Марья замолчала и, стыдливо запинаясь, ответила:
– Только тогда, на балу, поцеловал в шею, и все. Только ты не говори никому, он мне муж все-таки. Бабушка скандал мне устроит. Посчитает, что это я его отталкиваю. Может, и оттолкнула бы, да только муженек мне повода не дает!
Девушки рассмеялись, а затем послышался голосок Анны:
– Но как же так? Неужели он на тебе из-за богатств женился, а сам пассию на стороне завел?
– Да я только рада этому, милая подружка. Порой хочется Алешеньку забрать и сбежать из дома. Куда глаза глядят! Хоть в лесу жить, лишь бы не с ним. Только о папеньке пекусь. Пропадет он без меня…»
Вот с того самого разговора я весь извелся. Захотелось мне вывести этого проходимца на чистую воду. А коль и впрямь дочке моей изменяет, выгнать как собаку безродную! Да только как узнать? Весь последний год Марья почти жила в монастыре. Домом его считала, и не мудрено! Монастырь на ее глазах вырос.
– Что с вами, папенька?

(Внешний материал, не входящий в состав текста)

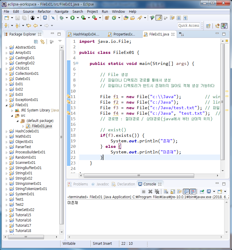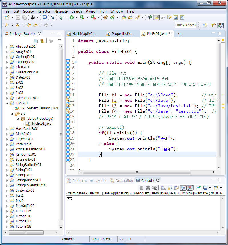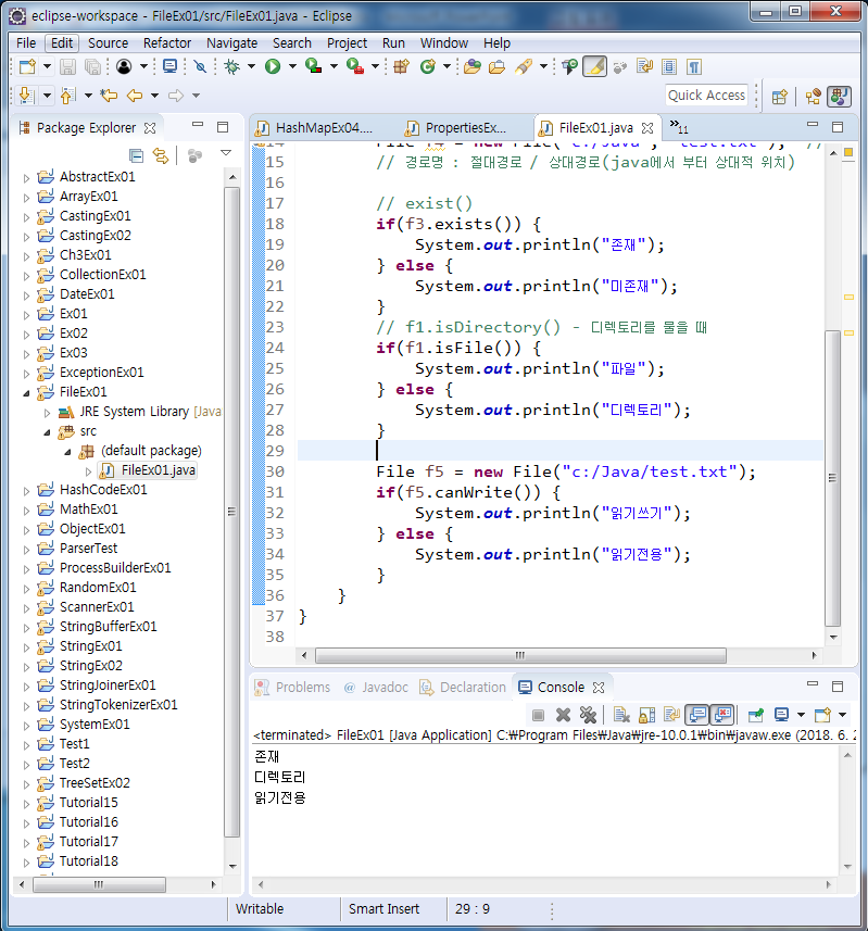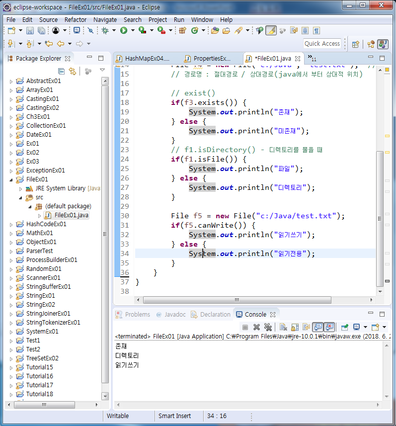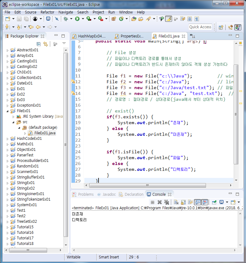 자바에서는 File클래스를 통해서 파일과 디렉토리를 다룰 수 있도록 하고 있다. 그래서 File인스턴스는 파일일 수도 있고 디렉토리일 수도 있다. 앞으로 File클래스의 생성자와 메서드를 관련된 것들 끼리 나누어서 예제와 함께 설명하고자 한다.

Вы бледны и кулаки сжали так, словно злоба вдруг нахлынула. – Марья отвлекла меня от воспоминаний и сама о видении своем позабыла.
– Ничего, Марьюшка. Не бойся за меня, моя хорошая. Просто что-то сердце щемит, сейчас пройдет все.
– Пойдемте тогда в трапезную, папенька, – в голосе ее зазвучали тревожные нотки, – Павел чаю заварит с листом смородиновым.
По крутой лестнице мы спустились на первый этаж и по длинному мрачному коридору прошли в трапезную. Шаги наши гулко отзывались эхом. Иногда казалось, что кто-то идет позади. Я даже оглянулся несколько раз, но так никого и не увидел.
Дверь в трапезную была приоткрыта, и оттуда слышались голоса. Один принадлежал Павлу, второй был женским.
– Я благодарна вам, святой отец. Мы с сестрами считаем за честь поселиться в этом монастыре.
– Вот и славно, а теперь ступайте. Буду ждать вас в начале месяца.
В дверях мы едва не столкнулись с монахиней. Не поднимая глаз, она коротко поклонилась нам с Марьей и тенью проскользнула мимо.
– Павел, о чем ты сейчас говорил с этой женщиной? – Я прошел и сел за дубовый стол, на котором стоял кувшин с молоком и блюдо, накрытое белой тряпицей.
– Как же, Силантий Матвеевич, – Павел отодвинул стул для Марьи, – мы ведь с вами обсуждали это на прошлой неделе. Монастырь не должен пустовать. Сюда скоро прибудут сестры из столицы.
Мария слушала наш разговор молча, не вмешивалась и между делом накручивала на палец короткие белокурые прядки. Со дня свадьбы она больше не носила красивых платьев, одевалась в мешковатые серые или черные хламиды. Волосы ее теперь всегда были коротко острижены.
– И когда же они прибывают?
– Скоро, Силантий Матвеевич.
– Павел, – неожиданно заговорила Марья, – я бы хотела забрать чертежи монастыря. Можно?
– Конечно, Мария Силантьевна. Тем более архитектор любезно копии предоставил.
– На что тебе чертежи? – удивился я.
– Считайте это моей прихотью, папенька. – Она ласково мне улыбнулась и спросила: – Вам уже лучше? Может, все же чаю выпьете?
– Все хорошо, доченька. А чаю мы и дома с тобой попьем. Ты вроде хотела Алешку на недельку в монастырь забрать.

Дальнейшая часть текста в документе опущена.